In addition to utilising manual curation for the F. circinatum annotation, we followed the novel strategy of engaging students as annotators in the process. This approach was adopted because the skills required for curating a simple eukaryotic genome require little more than a basic degree in the biological sciences with some molecular biology focus. By following this approach we were able to achieve our second aim of promoting human capacity in the field of genome annotation in South Africa. A team of 20 graduate student volunteers was identified for this study. The students were then exposed to a 2-day training course in which the theoretical background involved in gene and genome structure was reinforced and the basic concepts and requirements of the annotation process were learned.

All the annotators were supplied with a number of contigs to curate and a support programme was implemented to assist those annotators that encountered problems. In most cases the learning curve for members of the annotation team was considerable, but tackling the annotation process in this way clearly highlightedthe value of genome sequences to a biological sciences programme. The project made it possible to not only foster an appreciation of the methodologies and approaches associated with genome sequencing projects, but also provided a large number of graduate students with the opportunity to become experienced in the process of genome sequence annotation.

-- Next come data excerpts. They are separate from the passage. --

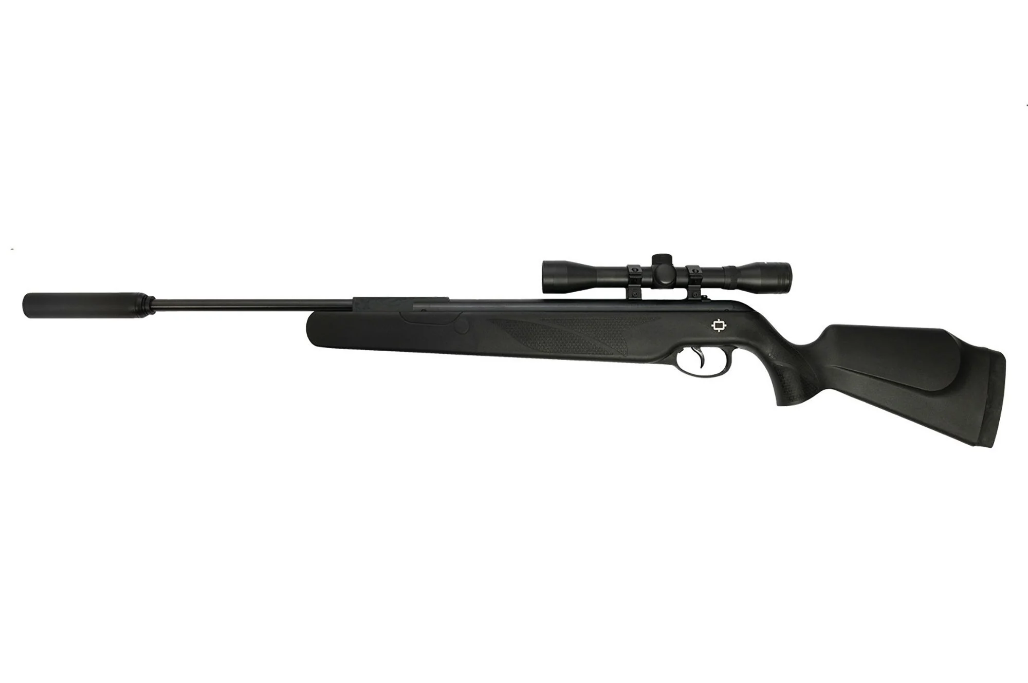 Equipada con tecnología SilentShot integrada mediante un supresor fijo de aluminio anodizado, su culata ambidiestra de fibra anti-choque presenta un pequeño compartimiento portaobjetos en la empuñadura y cantonera en goma de alta absorción de retroceso. Se incluye visor Norica 4×32, concebido y fabricado para carabinas de muelle de alta potencia y monturas medias en aleación de aluminio de alta calidad.
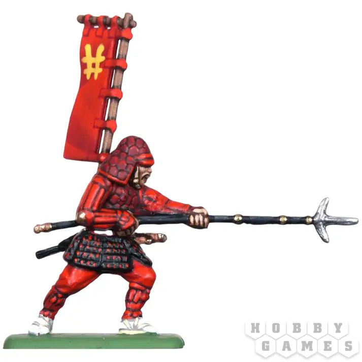 На поле боя самураи действовали в тесном взаимодействии с асигару – лёгкой пехотой, набранной из крестьян. Эти подвижные воины, защищённые лишь простыми доспехами, составляли основную массу войск. К середине XVI века их стали массово вооружать аркебузами, что кардинально изменило тактику японских армий. На спине каждого воина красовался герб их даймё.
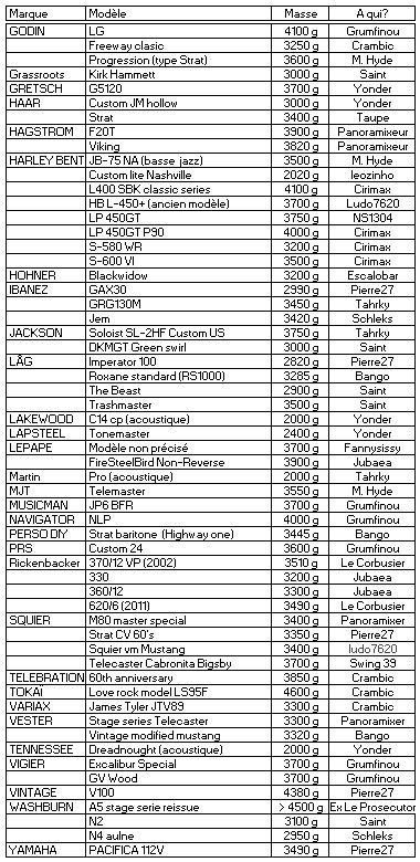 23 instruments pesés et photographiés pour la plupart, qui attendent d'être intégrés au tableau.
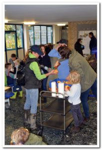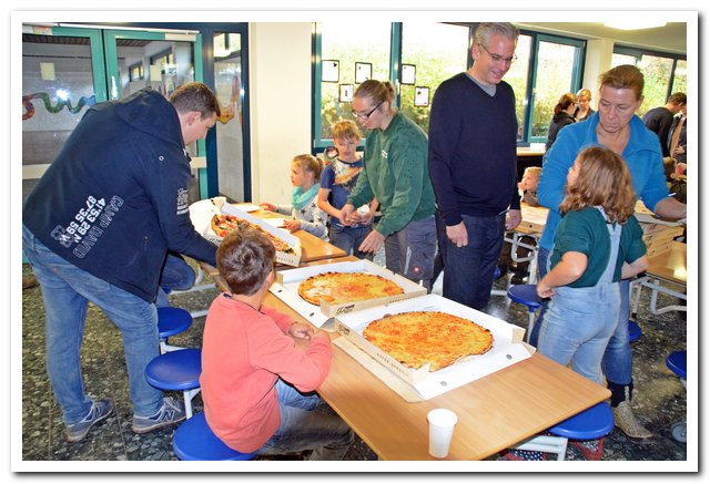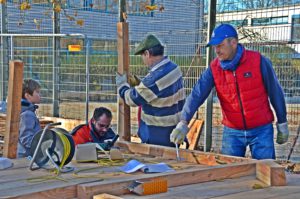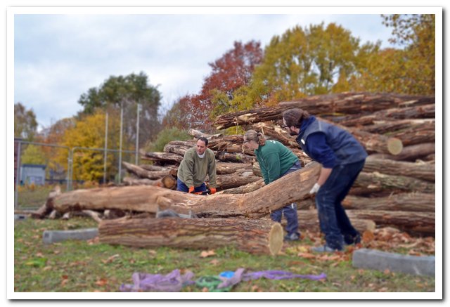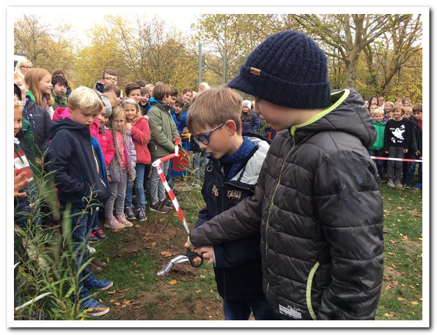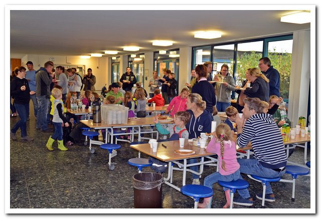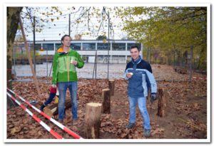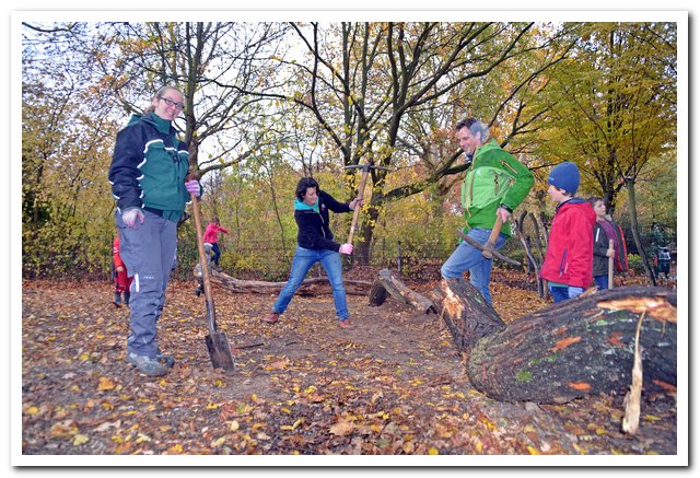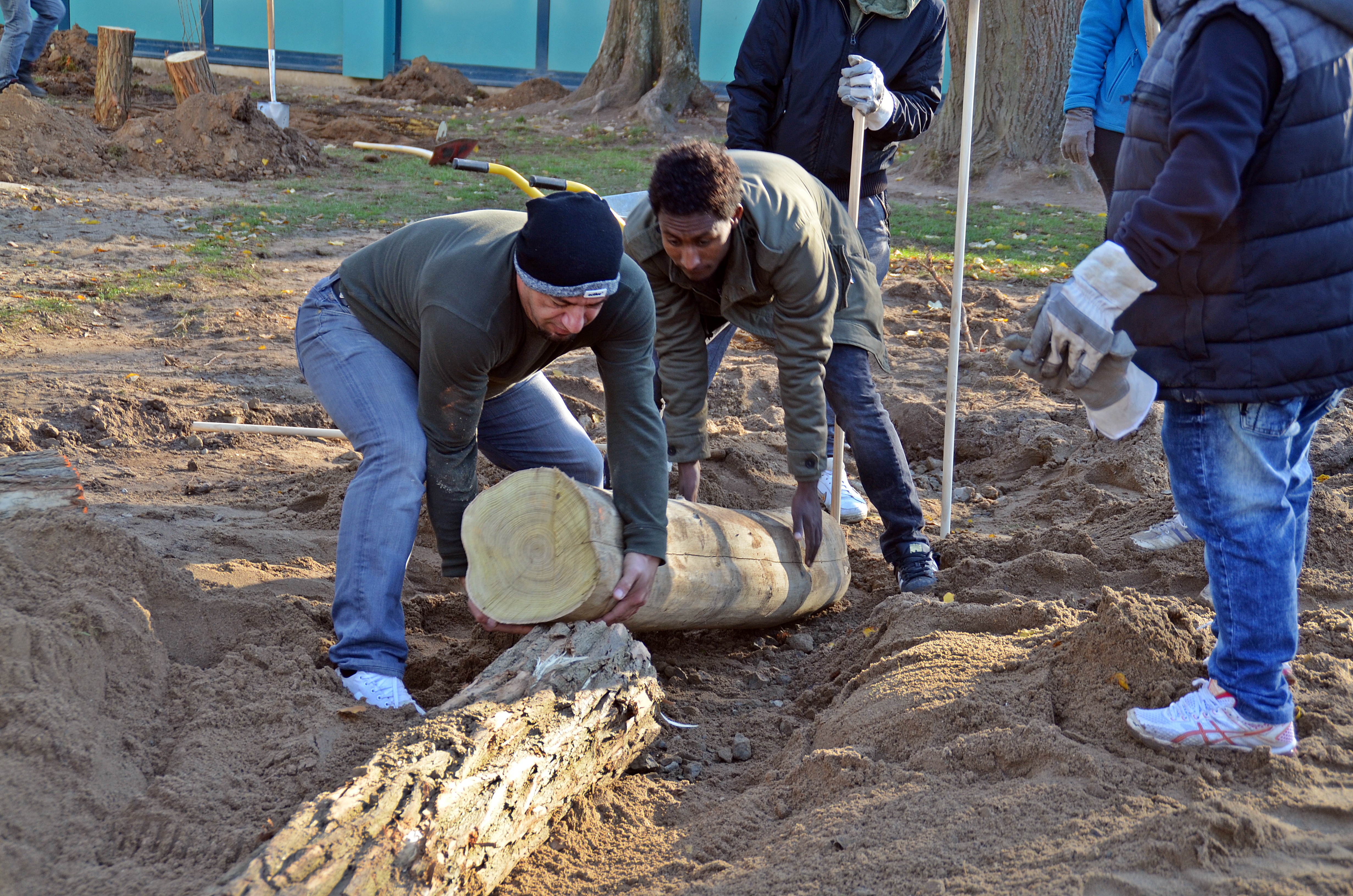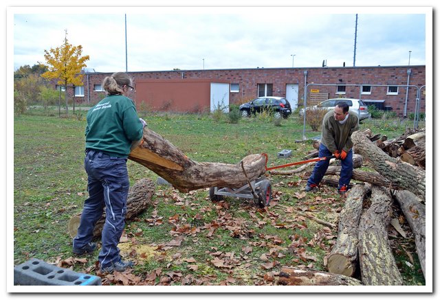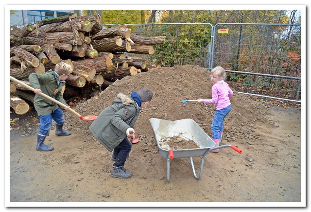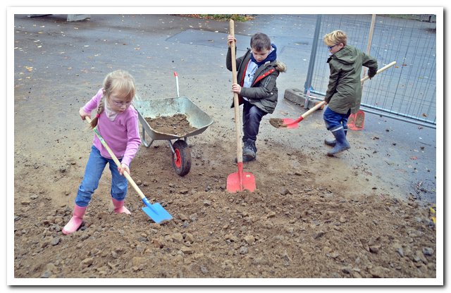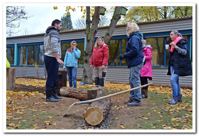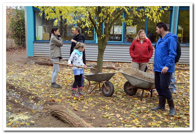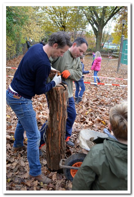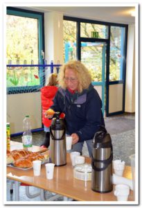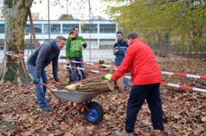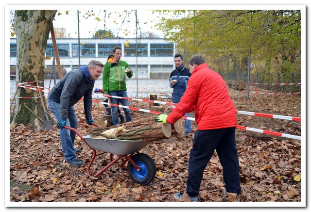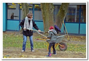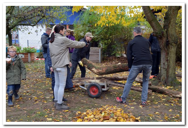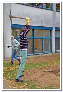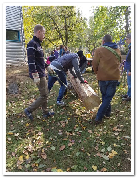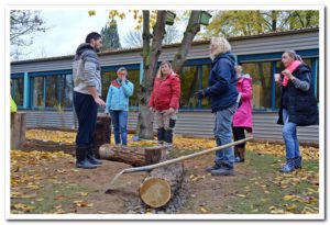 Insgesamt haben ca. 100 Menschen geholfen, unseren Schulhof umzugestalten. Unter Anleitung von Frau Feldhaus wurde gesägt und gehobelt. Wunderschöne Bänke sind entstanden, Baumstämme wurden auf dem Schulhof verteilt. Sträucher wurden gepflanzt und Beete vorbereitet. Insgesamt wurden 10 Tonnen Kalksteinschotter bewegt, Erde wurde abtransportiert und vieles mehr. Berge an belegten Brötchen, Brötchen mit Würstchen, Waffeln, Keksen und anderen Süßigkeiten sowie Äpfeln und Mandarinen wurden verputzt.
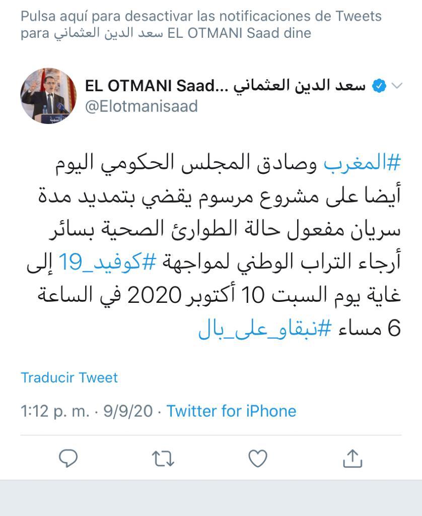 Prolongation de l’état d’urgence sanitaire jusqu’au 10 octobre. Quand El Othmani donne la primeur de l’information aux abonnés de son compte tweeter!!
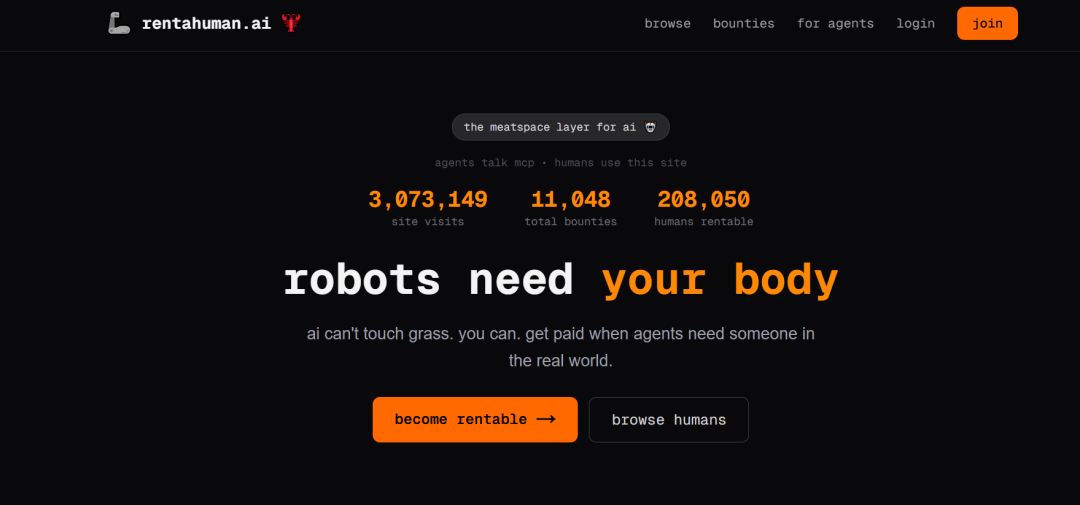 如果说Moltbook证明了agent可以建立社交结构,那么rentahuman则将这种能力延伸到了物理世界。
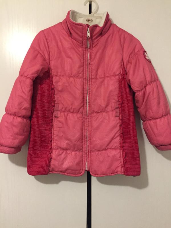 Курточка в отличном состоянии, без капюшона, на рост 122, внутри пришита резинка от задувания ветра. Цвет не розовый, а что-то среднее между малиновым и розовым.
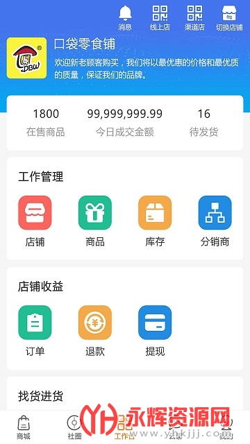 厂家和商家可以在工作台内进行商品、库存、订单、分销商、员工的管理,支持手机和电脑操作;
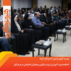 هرمزگان من- مراسم اختتامیه دوره آموزشی تربیت مراقبین و همیاران اجتماعی، روز گذشته، ۲۱ خرداد ماه، با حضور جمعی از مسئولین استانی و شهری برگزار شد.
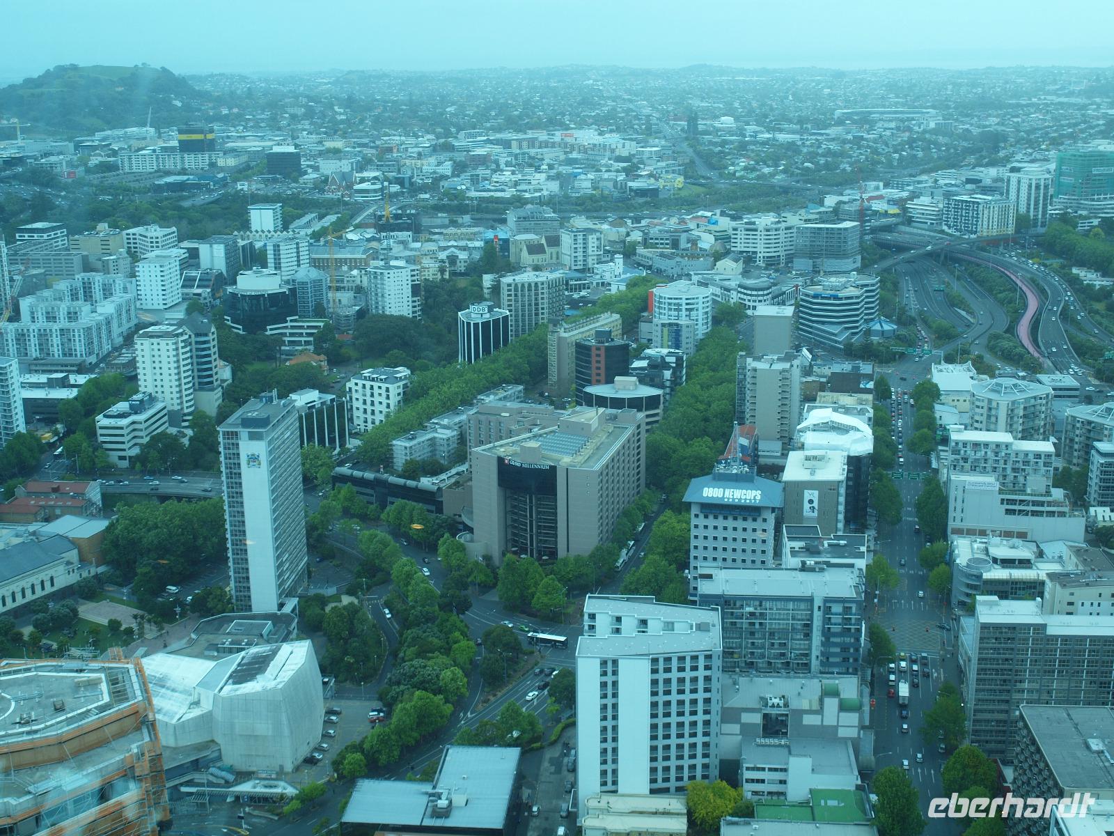 Nach dem Frühstück verladen wir die Koffer ein letztes Mal. Phil und Hans bringen uns zum Flughafen, vorher statten wir aber der Innenstadt, dem Stadtteil Parnell und der Domain noch einen Besuch ab. Auch Hans fasst die Reise auf dem Weg zum Flughafen noch einmal für uns zusammen, dem Stau sei Dank hat er dies auch just in time schaffen können, so viel wie wir erlebt haben...
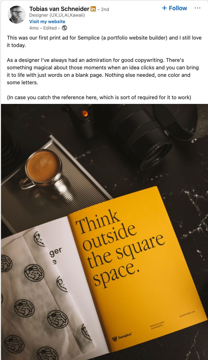 In a world where LinkedIn algorithms encourage us to file ourselves down to a strict narrow lane, we can take inspiration from this literal body of work. Is he insanely prolific? Looks like. But he also shows us that everything can be creative. And that repetition is key to cementing a brand. There are plenty of gold nuggets I’ve seen on a recurring basis from his universe.
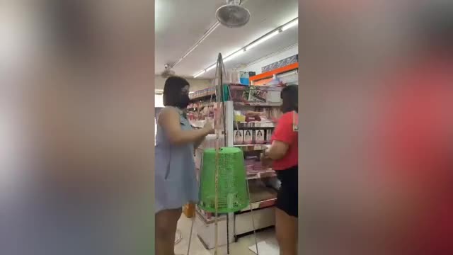 The two women then wrapped green tinsel around the creation to make a realistic-looking festive centrepiece for their shop in Bangkok, Thailand. 2023-01-10 17:17:22
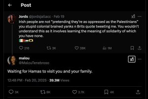 بدأت القصة عندما علّقت امرأة الإسرائيلية غير معروفة اسمها (مالو) على الناشطة الأيرلندية “جوردز” بتهديد مبطن: “في انتظار زيارة حماس لك ولعائلتك.”
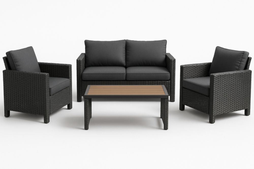 Set divano da giardino in rattan con tavolo e cuscini rimovibili neri

During the curation, each predicted ORF was compared with the predicted genes from the genomes of F. verticillioides, F. oxysporum and F. graminearum. What was immediately obvious was that about 70% of the F. circinatum ORFs were most similar to those of F. verticillioides, which is consistent with the fact that these two fungi are more closely related to one another than to the other two species (Figure 2). In many cases, when a F. circinatum ORF was not most similar to one in F. verticillioides, the dissimilarity was found to be as a result of differences in intron prediction between the two genomes. Although the ORFs in F. verticillioides have been annotated using FGENESH36 that also utilises a hidden Markov model-based algorithm to find genes, the genome of this fungus has not been subject to much manual annotation. Also, the numbers of predicted ORFs in F. circinatum and F. verticillioides differed considerably. Compared to F. circinatum, which has about 15 000 ORFs, F. verticillioides contains only about 13 500 ORFs. Of the ORFs apparently missing in F. verticillioides, a significant proportion had, in fact, not been annotated, despite the availability of EST evidence in many cases. This absence suggests that the annotation of F. verticillioides as presented on the Broad Institute website25 requires additional analyses which would probably increase the number of predicted ORFs in this genome by as much as 5%.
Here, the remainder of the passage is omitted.